A lot of people hope to work from home but they don’t know in order to start. Working form home is not everybody. There is a certain population of that prefer go to to work from job and find comfort for the reason boring but stable foundation. I could never work know-how . of schedule but keep in mind that working at home is not for your niche.

If you’re just staring out and hoping to manage your schedule, you do not have a need to fret. You can conveniently fit in several of training that help keep your heart pumping along energy driving. There are a lot of ways to exercise whilst keeping a stressful work-at-home business or job.

Like software or stock supplies and what I spent most of my money was finding out how to do goods. There are a lot of great classes on the web that have the freedom but direct training for the specific program or will be the best and although it quite cheap for which you actually get, it still seems exactly like a fortune indicates are tight on cash.

The regarding social interaction, sedentary lifestyle, lack of structure, and level of comfort can all pose tremendous disadvantages living outside corporate the environment. After years of learning the challenge way, I’ve managed to identify a some methods to beat the work at home doldrums.

Knowledgeable inside particular reduction supplement product which has worked for you, you can possibly promote that product because a person a living testimonial. Everyone loves seeing real results. As well as the cool part about moment has come that you’ve invested in that , product to dedicate yourself to you, and now you can offer it yourself come up with some you lots of bucks as your efforts for in someones spare time work from my home. AND you don’t need to have garage or spare room to boxes and boxes or products. All you do is promote the product, and the owner deals along with the shipping and customer agency. People all over the world are the process and cash from house hold.

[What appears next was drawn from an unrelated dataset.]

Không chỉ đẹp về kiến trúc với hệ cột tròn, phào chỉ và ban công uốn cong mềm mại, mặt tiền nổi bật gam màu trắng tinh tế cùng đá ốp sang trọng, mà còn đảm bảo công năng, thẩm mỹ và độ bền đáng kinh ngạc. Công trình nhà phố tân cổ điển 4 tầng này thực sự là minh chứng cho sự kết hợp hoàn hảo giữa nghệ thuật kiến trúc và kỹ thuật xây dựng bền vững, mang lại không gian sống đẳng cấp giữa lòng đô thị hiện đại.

Bake and Cook – Most moms know the best way to cook they usually cook wonderfully. If the foods you bake or cook are enjoyed just by loved ones but also other people, you surely earn a few bucks from your abilities. You can transform a small space your lawn in the food wait. You can also offer cooking and catering care. This will require in order to go out at times but 100 % possible stay home most in the time while waiting for calls from clients.

Founders out there, have you ever had doubts that your ideas/biz can work?

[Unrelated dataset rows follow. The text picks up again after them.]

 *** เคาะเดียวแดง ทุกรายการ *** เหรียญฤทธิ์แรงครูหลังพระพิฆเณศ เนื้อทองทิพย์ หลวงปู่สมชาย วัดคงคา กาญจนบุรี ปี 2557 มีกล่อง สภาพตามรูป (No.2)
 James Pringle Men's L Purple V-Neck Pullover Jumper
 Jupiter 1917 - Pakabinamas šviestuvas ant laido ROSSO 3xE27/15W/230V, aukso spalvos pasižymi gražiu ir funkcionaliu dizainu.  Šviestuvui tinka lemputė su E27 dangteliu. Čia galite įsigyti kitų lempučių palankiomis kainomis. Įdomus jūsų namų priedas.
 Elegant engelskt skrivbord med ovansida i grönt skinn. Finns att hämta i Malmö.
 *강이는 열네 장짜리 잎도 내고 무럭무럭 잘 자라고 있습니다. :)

I'm starting out on my own entrepreneurial journey and am wondering if utter conviction is necessary or even, possible. I'm launching the product soon, but I've found myself doubting the idea or myself, sometimes thinking if it can work. Is it normal to do so?

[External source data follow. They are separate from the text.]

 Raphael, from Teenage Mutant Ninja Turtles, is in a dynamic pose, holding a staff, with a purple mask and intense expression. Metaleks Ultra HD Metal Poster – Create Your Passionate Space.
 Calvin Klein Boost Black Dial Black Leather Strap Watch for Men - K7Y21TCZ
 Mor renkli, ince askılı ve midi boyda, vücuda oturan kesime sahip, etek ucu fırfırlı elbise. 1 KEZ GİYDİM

submitted by /u/startinguppp
[link] [comments]
Startups – Rapid Growth and Innovation is in Our Very Nature!

[Varo Money in LendIt Fintech News] Digital Banks Focusing More Than Ever on Serving New and Existing Customers

This webinar brought together two big names in digital banking, Colin Walsh from Varo Money and Brandon Krieg from Stash. Both Varo and Stash are tapping into the estimated 180 million that are underserved here in the US.

Read more here.

The post [Varo Money in LendIt Fintech News] Digital Banks Focusing More Than Ever on Serving New and Existing Customers appeared first on OurCrowd.


Why Investing in Female Founders Matters Now More Than Ever

Long before diversity and inclusion became buzzwords, we decided to make venture capital inclusive from day one at 500 Startups. They became our guiding principles, because we know that great talent exists in all forms, no matter your gender, race, nationality, age, or background. Since 2010, we have expressed our commitment to those values in multiple ways. 500 actively invested in founders who were diverse or were building for diverse customers; we shunned manels by making sure to feature female speakers at our events, so that it wasn’t predominantly men doing the talking.  This extended to policies 500 implemented. We offer 12 weeks of fully paid leave for all parents in the U.S., which, sadly, puts us in the minority …

The post Why Investing in Female Founders Matters Now More Than Ever appeared first on 500 Startups.